Наконец, нет ясности и в том, кому на данный момент нужнее новое соглашение в принципе. Ирану, зажатому санкционным давлением, но при этом консолидированному вокруг консервативной линии власти? Или США, которые, конечно, растревожены возможностью появления новой ядерной страны, что как минимум обернется головной болью для региональных союзников Вашингтона, но при этом не хотят ослаблять своего давления на идеологического противника? Иными словами, у этой сделки, безусловно, есть сущностное экзистенциальное измерение. Однако вокруг нее сплелось и слишком много глобальных и региональных факторов, нередко, взаимоисключающих.
Команда мечты
Выход США из СВПД в 2018 году стал тяжелым ударом по доверительным отношениям США и ЕС. Если Китай и Россия традиционно находятся в «зоне риска», то страны Европы рассчитывали на более внимательное отношение к договоренностям, от которых, собственно, зависит самочувствие европейского бизнеса.
Тем не менее в результате стремительной смены американского курса по отношению к Ирану — с переговорной повестки к политике «максимального давления» — ЕС не смог защитить свои компании от существенных потерь. Например, крупнейшая французская нефтегазовая компания Total была вынуждена выйти из совместного проекта по разработке иранского газового месторождения стоимостью около 4,8 млрд долларов. Другим крупнейшим европейским компаниям — Wintershall, Volkswagen, Airbus — также пришлось покинуть иранский рынок.
Попытки же ЕС хоть как-то минимизировать урон от американских санкций так ни к чему не привели. И в этом отношении приход к власти Джо Байдена был воспринят как шанс на возращение европейского бизнеса в Иран. Собственно, уже после победы на выборах новый президент США несколько раз подтверждал свою готовность вернуться к ядерной сделке.
Более того, Байден привел с собой в администрацию и «иранскую» межведомственную команду, состав которой эксперты уже успели окрестить «командой мечты». Прежде всего это те специалисты, которые участвовали в подготовке СВПД еще в 2015 году: Уильям Бернс, Джейк Салливан, Венди Шерман, Роберт Мэлли. Кроме того, 9 марта госсекретарю Энтони Блинкену было направлено письмо с призывом достичь соглашения с Ираном по ядерной программе, подписанное 140 конгрессменами — по 70 членов палаты представителей от каждой из двух парламентских партий.

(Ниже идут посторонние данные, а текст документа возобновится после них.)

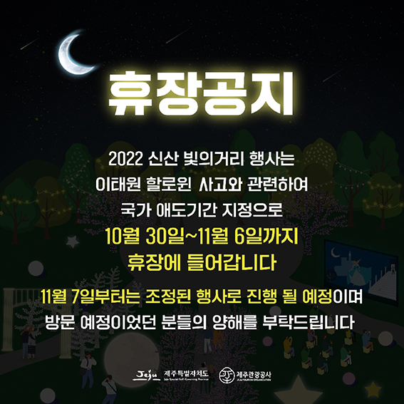 이태원 사고로 인한 국가 애도기간 선포 따라 휴장기간 연장 결정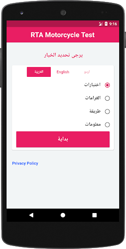 امتحانالدراجة النارية الخاص بهيئة الطرق والمواصلات متوفر سواء أكنت متصل بالشبكة أو غير متصل.

Тем не менее переговорный процесс по-прежнему не сдвинулся с места. В том числе потому, что в американской политической элите достаточно и тех, кто стремится не допустить ослабления давления на Иран — как со стороны республиканцев, так и членов Демократической партии.
Как отметил старший научный сотрудник Института международных исследований МГИМО, консультант ПИР-центра Андрей Баклицкий, проблема возобновления СВПД для США имеет внутриполитический характер: «Байден и его администрация не хотят показаться мягкими или слишком уступающими Ирану. Но именно из-за этого они могут в итоге “потерять” сделку, потому что у Ирана как раз много причин не доверять любой президентской администрации».
Экономика сопротивления
Жесткое внешнее давление, которое Иран ощутил на себе после выхода США из договора, не стало для него чем-то принципиально новым. Еще со времен Исламской революции страна постоянно находилась под санкциями. И только достижение договоренностей с мировым сообществом, прежде всего с США в 2015 году, дало надежды на конец эпохи изоляции. Не случилось. И, кажется, на этот раз уровень экономического давления во многом оказался беспрецедентным.
Инфляция в апреле 2019 года разогналась в Иране до 51,4% в годовом выражении и стала рекордной с декабря 1995-го. К концу 2019 года ВВП Ирана снизился на 9,5% из-за резкого сокращения экспорта нефти и газа. По официальным данным, к концу первого санкционного года безработица в стране достигла 12%, а среди молодежи и вовсе 30%.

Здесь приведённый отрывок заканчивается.